Monday, January 17, 2011

The Voice of Sanity

I was meditating this morning and this idea came to me...the idea of "sanity." I think that sanity, to some degree, is personal. Someone with prejudices defines it one way, someone of a particular passion, say an artist or an athlete, defines it another. As I thought about the idea of sanity, the word "sanitize" came to mind. The word "sane" comes from the Latin word "sanus" meaning healthy. To sanitize something is the act of making something clean which, logically, leads to health. It seems to me, if I can sanitize my thinking, my own phobias and fears may also be cleansed or neutralized. Any sense of victimization or paranoia also disappears. I am more powerful, centered, and calm.

The only path to sanity for me has been to first accept what is happening. It is to simply acknowledge that what IS, well, IS.  Byron Katie, a wonderful self-help guru wrote a beautiful book called, "Loving What Is" and theorizes that the only path to sanity is through acceptance. It does not necessarily mean that an action is not needed. In fact, if I understand her theory correctly, it requires a personal action of rethinking the situation that is making you "insane." "Sanitizing" your thinking means taking your thought about it, your opinion about it, and setting it aside by asking the question, "Is my thought about this particular event even true?" While it may or may not be true, its what you choose to do about it or label it at this point, that matters.
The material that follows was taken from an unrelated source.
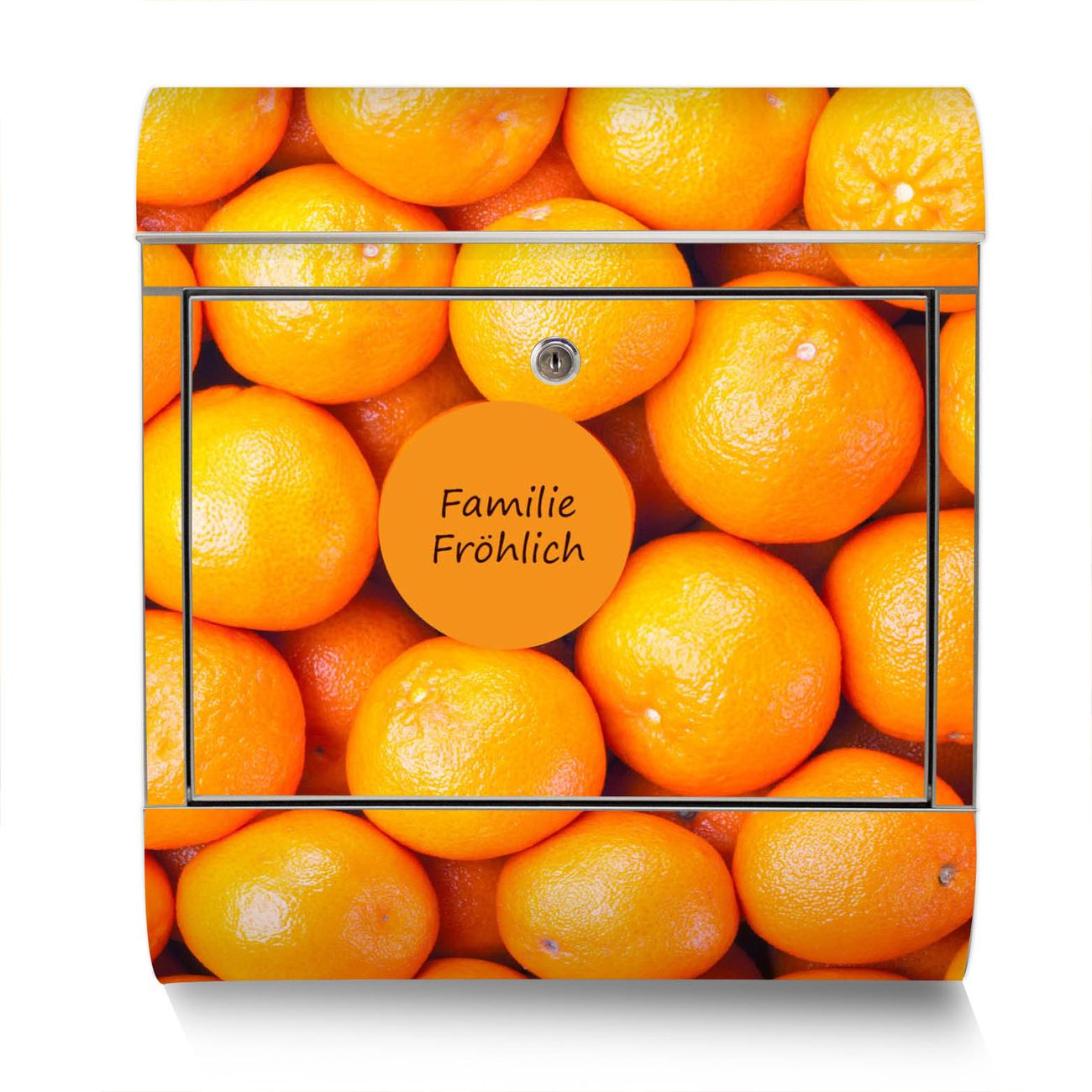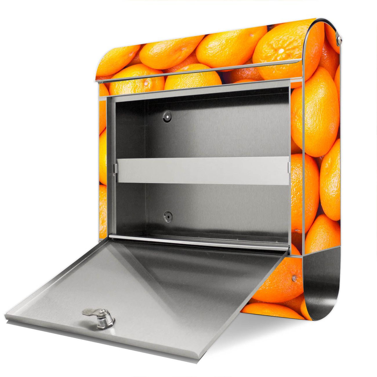 Der Motivstandbriefkasten hat ein sehr ansprechendes und ausgefallenes Design, damit entlocken Sie Ihren Nachbarn und dem Postboten ein Lächeln. Heben Sie Sich ab von der tristen grauen Masse, ohne auf Funktionalität zu verzichten. Der Briefkasten besteht aus hochwertigem 18/0 Edelstahl und die Wetter- und UV-resistenten Folie mit Orangen Motiv ist zusätzlich mit einem Schutzlaminat überzogen. Der Standbriefkasten wird mit Montagematerial und zwei Schlüsseln geliefert.

I have tasted sanity and I have tasted the opposite. One is sweet and calming and the other is bitter and destructive, not only to others but also to myself. The first is real and grounding, the second frame of mind assumes. Assumptions are most always "off target" and are rarely sane. Assumptions produce feelings of bitterness and resentment. Sanitizing my thoughts shows me a path, an answer, a possibility that I might have otherwise missed.  To sanitize my thoughts always brings me to a place of compassion for others and patience for myself. I wrote a poem in my youth that ended with, "I think I need to be bleached!" I had no idea how true that was at the time! The Tao Te Ching tells us that a master is someone who "learns to unlearn." Christ told us to remove the plank from our own eye instead of the sliver from another. Somewhere, in the wisdom of our prophets, they all prescribe the same thing. Sanitizing your thoughts is a small toll to pay if peace is the path you wish to travel upon.